## Source records
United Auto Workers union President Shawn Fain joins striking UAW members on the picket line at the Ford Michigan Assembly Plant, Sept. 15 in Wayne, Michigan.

---

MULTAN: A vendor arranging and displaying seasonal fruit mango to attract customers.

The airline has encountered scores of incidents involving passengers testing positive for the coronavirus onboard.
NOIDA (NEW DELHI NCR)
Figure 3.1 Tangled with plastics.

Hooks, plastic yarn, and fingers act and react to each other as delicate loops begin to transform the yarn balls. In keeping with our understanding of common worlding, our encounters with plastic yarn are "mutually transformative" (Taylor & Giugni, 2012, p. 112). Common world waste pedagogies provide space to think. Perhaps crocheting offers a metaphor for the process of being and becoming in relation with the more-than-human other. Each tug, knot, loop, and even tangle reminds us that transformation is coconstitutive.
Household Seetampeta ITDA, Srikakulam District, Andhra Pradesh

--

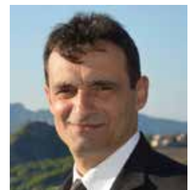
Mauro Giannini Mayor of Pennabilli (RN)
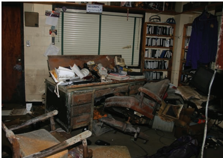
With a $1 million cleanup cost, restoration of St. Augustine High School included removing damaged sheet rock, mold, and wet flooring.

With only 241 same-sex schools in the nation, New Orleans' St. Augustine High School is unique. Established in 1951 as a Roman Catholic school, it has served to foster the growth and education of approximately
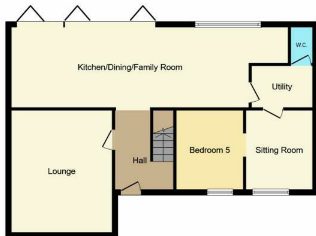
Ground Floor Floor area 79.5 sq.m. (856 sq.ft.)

## What you should do
Check each line of the entries for "High" and copy those that have it.

## The answer
With a $1 million cleanup cost, restoration of St. Augustine High School included removing damaged sheet rock, mold, and wet flooring.
With only 241 same-sex schools in the nation, New Orleans' St. Augustine High School is unique. Established in 1951 as a Roman Catholic school, it has served to foster the growth and education of approximately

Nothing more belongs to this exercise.